Так и остался я в ее комнате, хотя долгое время и выходить-то лишний раз опасался. Когда в доме были иностранные гости, тесть вежливо просил развести их после позднего ужина на его служебной машине. Развозил. Однажды, когда мы были одни дома, Наталья взяла за руку, усадила в гостиной, поставила пластинку:
– Слушай. Это «Как соловей о розе». Папина песня любви.
Я слушал сладчайшую мелодию: «Звезда моя, краса моя, ты лучшая из женщин…» и в эту минуту догадывался, что Наташа говорит музыкой отца что-то важное. Ей, далекой от сентиментальности, так было, наверное, легче, удобней и весомей сказать о своих чувствах. Но этого момента было достаточно, чтобы соединить нас на много лет. Нам было по 25 и родились мы с ней в один год, в один месяц и один день…

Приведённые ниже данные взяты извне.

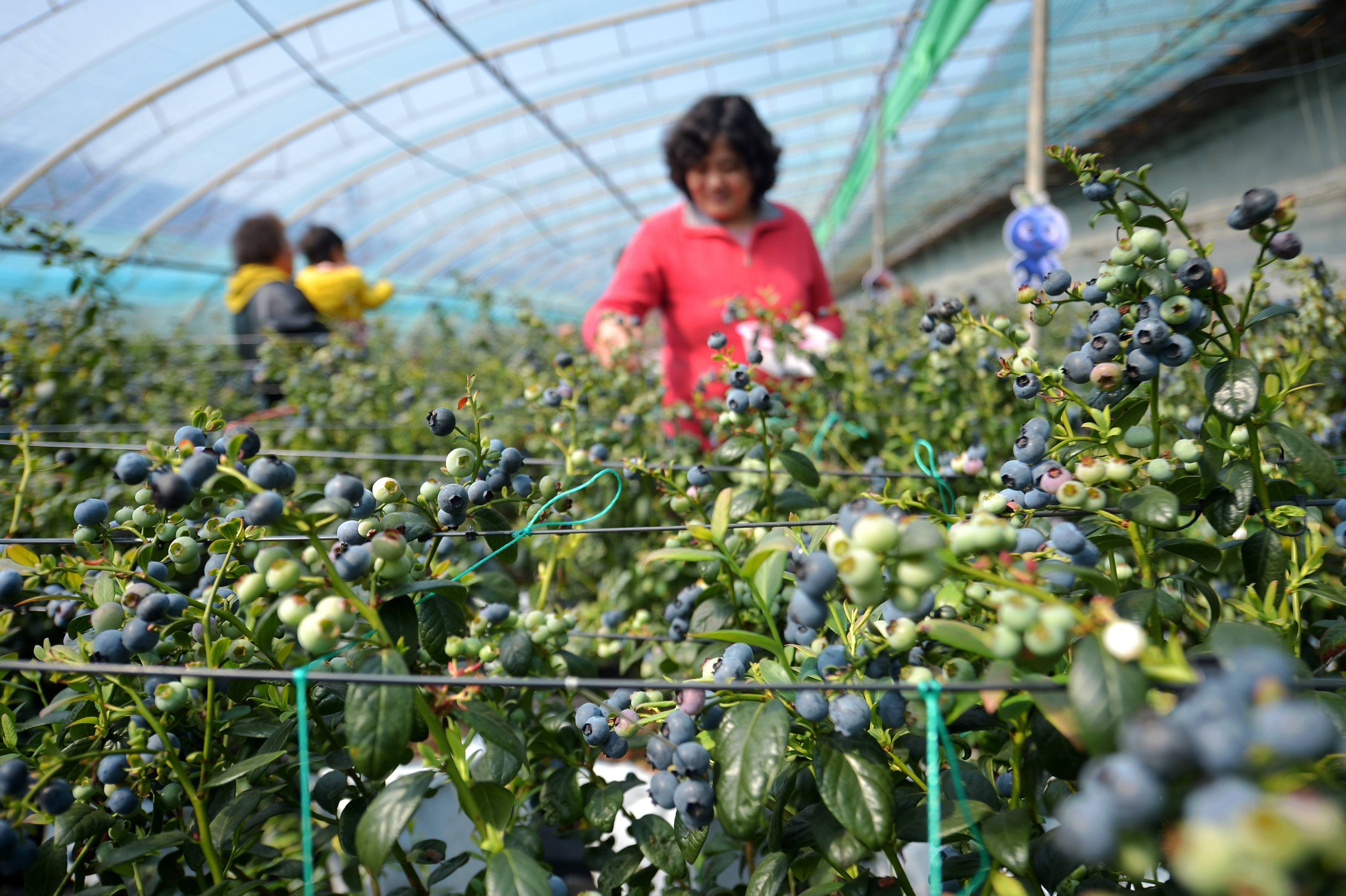 ↑2026年3月25日,游客在河南省商丘市夏邑县济阳镇济北村乡村振兴产业示范基地采摘蓝莓。CICPHOTO/苗育才 摄
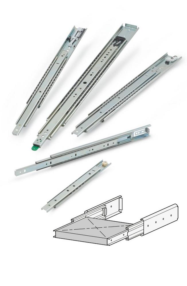 Je nach Auszugslänge, die zwischen 300 und 1500 mm wählbar ist, bestehen die Teleskopschienen aus zwei, drei oder vier ineinander laufenden Einzelschienen. Wälzlagerkugeln, die durch Kugelkäfige sicher eingebettet sind, übernehmen dabei die Führung.
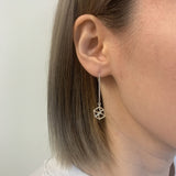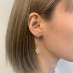 Silver Dangling Earrings, Cube Drop Earrings, Drop Square Earrings worn by model
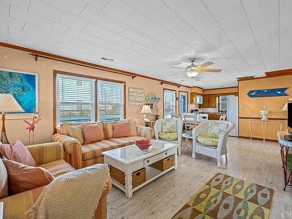 When the perfect beach location meets the cutest cottage, what do you get? Your own private paradise! This classic Outer Banks beach box has been lovingly maintained and features coastal colors and cool island vibes. 3 bedrooms and 1 ½ baths make it the ideal combination of space and manageability. The bright, open concept living/dining/kitchen area features updated flooring and is the perfect gathering spot. Overflowing with outdoor living options there is an abundance of open and covered spaces. Head to your upstairs deck for some time in the sun or relax on the screened porch, watching beach lovers heading to and from the sand. Downstairs, enjoy the privacy and shade of your huge outdoor living area featuring an open dining space, screened patio and gated driveway – perfect for pets and kids to play safely. An oversized outdoor shower with sink is the best way to end a day at the beach. Not only are you situated on a corner lot and just steps from the First St beach access, with a lifeguard stand, you are centrally located close to shopping, dining and attractions. Paradise found!
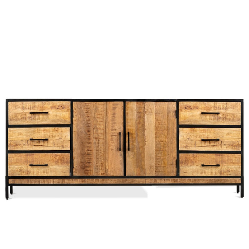 Elegante dressoir uit de GB collectie. Dit dressoir heeft in het midden zes laden en aan weerszijden twee deuren, met daarachter legplanken. Een industriële blikvanger gemaakt van mangohout en staal. De GB collectie straalt rust uit en vormt een solide basis voor elk interieur.
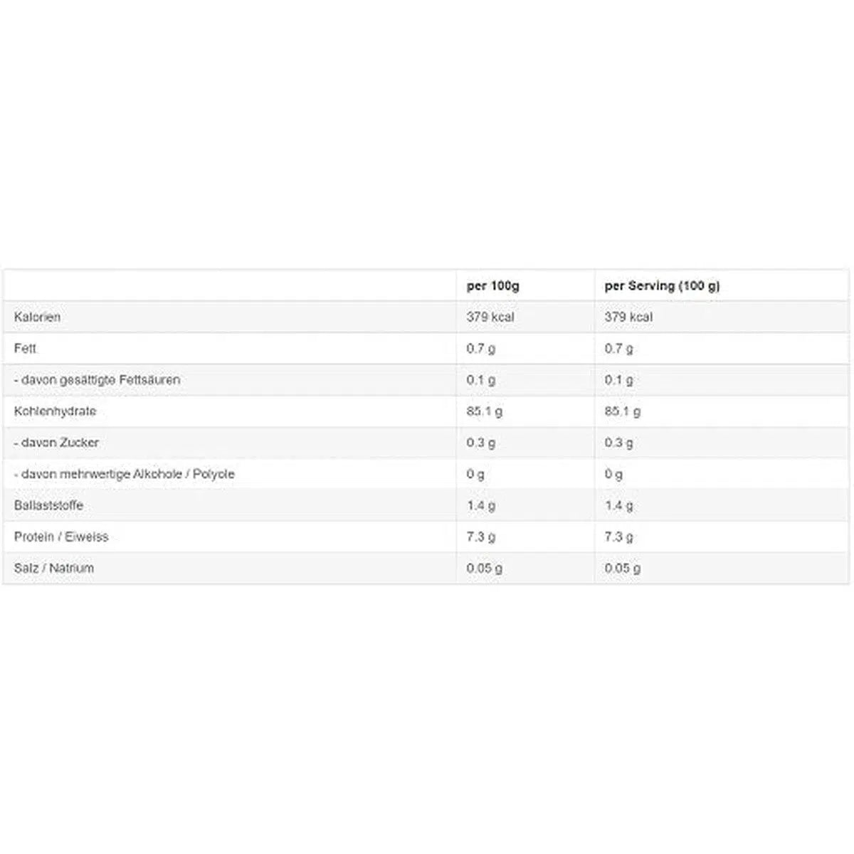 Zutaten: 100 % Reismehl (100% glutenfrei)
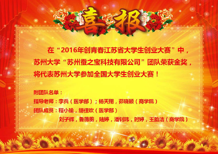 5月27-29日,2016年“创青春”江苏省大学生创业大赛在南京林业大学举行,我院李兵教授的成果“家蚕多功能饲料添加剂的产业化应用”获得了金奖,该项目将参加2016年“创青春”全国大学生创业大赛。
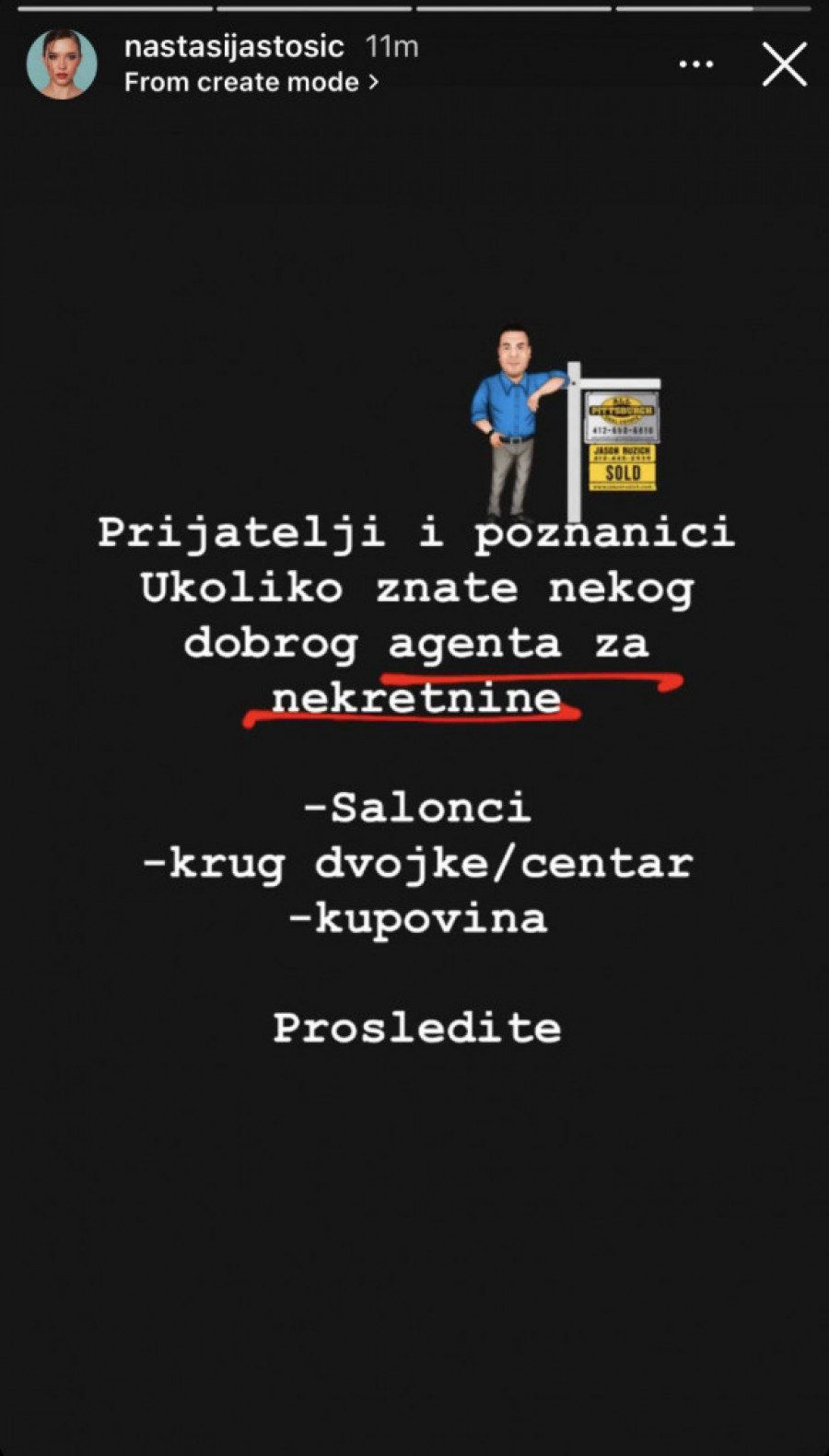 Naime, Nastasija je objavila da traži agenta za nekretnine koji bi pomogao prilikom kupovine stana u centru Beograda.
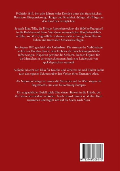 Frühjahr 1813. Seit acht Jahren leidet Dresden unter der französischen Besatzung. Einquartierung, Hunger und Krankheit drängen die Bürger an den Rand des Erträglichen. Auch die junge Elisa Tilla, die Pirnaer Apothekertochter, die 1806 hoffnungsvoll in die Residenzstadt kommt. Von einem traumatischen Kindheitserlebnis verfolgt, von ihrer Jugendliebe verlassen, sucht sie mutig ihren Platz im Leben und trotzt allen Schicksalsschlägen.Doch im August 1813 geschieht das Unfassbare: Die Armeen der Verbündeten stehen vor Dresden, bereit, dem Eroberer die Entscheidungsschlacht aufzuzwingen. Napoleon gewinnt die Schlacht. Danach beginnt für die Menschen in der eingeschlossenen Stadt eine Leidenszeit von apokalyptischem Ausmaß.Elisa hilft, wo sie kann. Bis zur Selbstzerstörung setzt sie sich für Kranke und Verletzte ein. Lindert so den Schmerz über den vermeintlichen Tod ihres Ehemanns Alois.Als Napoleon in der Schlacht bei Leipzig geschlagen wird, atmen die Völker auf. In Wien ringen die Siegermächte um eine Neuordnung Europas. Für seine Treue zu Napoleon wird das Königreich Sachsen empfindlich bestraft.Elisa beginnt am Tod ihres Mannes zu zweifeln, als ihr der Zufall plötzlich einen Hinweis in die Hände spielt. Noch einmal nimmt sie all ihre Kraft zusammen und beschließt Alois zu suchen.
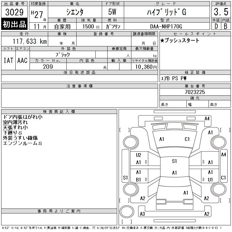 TOYOTA SIENTA - лот 3029
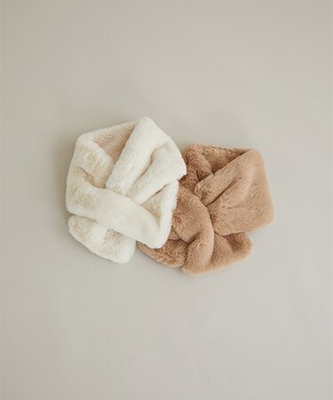 裏表で2種類のフェイクファーが楽しめるデザインに。異なるフェイクファーの表情をコーデや気分に合わせて変えられ、差し込み式で着脱簡単なのも嬉しいポイント。
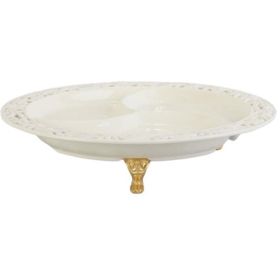 Talerz Ceramiczny z Przegrodami na Złotych Nóżkach 24 cm - Kolekcja Koronkowa

Я еще долго буду озираться вокруг себя, как бы запоминая незнакомую дорогу, на которую выбросила меня судьба к 25-ти годам. Москва, ВГИК, Наташа – это впечатления посильней заграничных, от которых заходилось когда – то сердце. Там, в тех рейсах, по чужим городам мы как по музеям ходили. Но всегда возвращались домой. А сейчас здесь, в Москве, стало быть, мой дом? Трудно было привыкнуть к этой мысли. Тем более, что и ВГИК и семья известного всей стране композитора не могли так вот вдруг стать привычным мне, родным домом. В мой дом, например, не могли бы запросто зайти великая, спокойно несущая свою славу первой певицы мира Мария Калас, или насмешливый и острый на язык легендарный Мстислав Ростропович с надменной красавицей Галиной Вишневской.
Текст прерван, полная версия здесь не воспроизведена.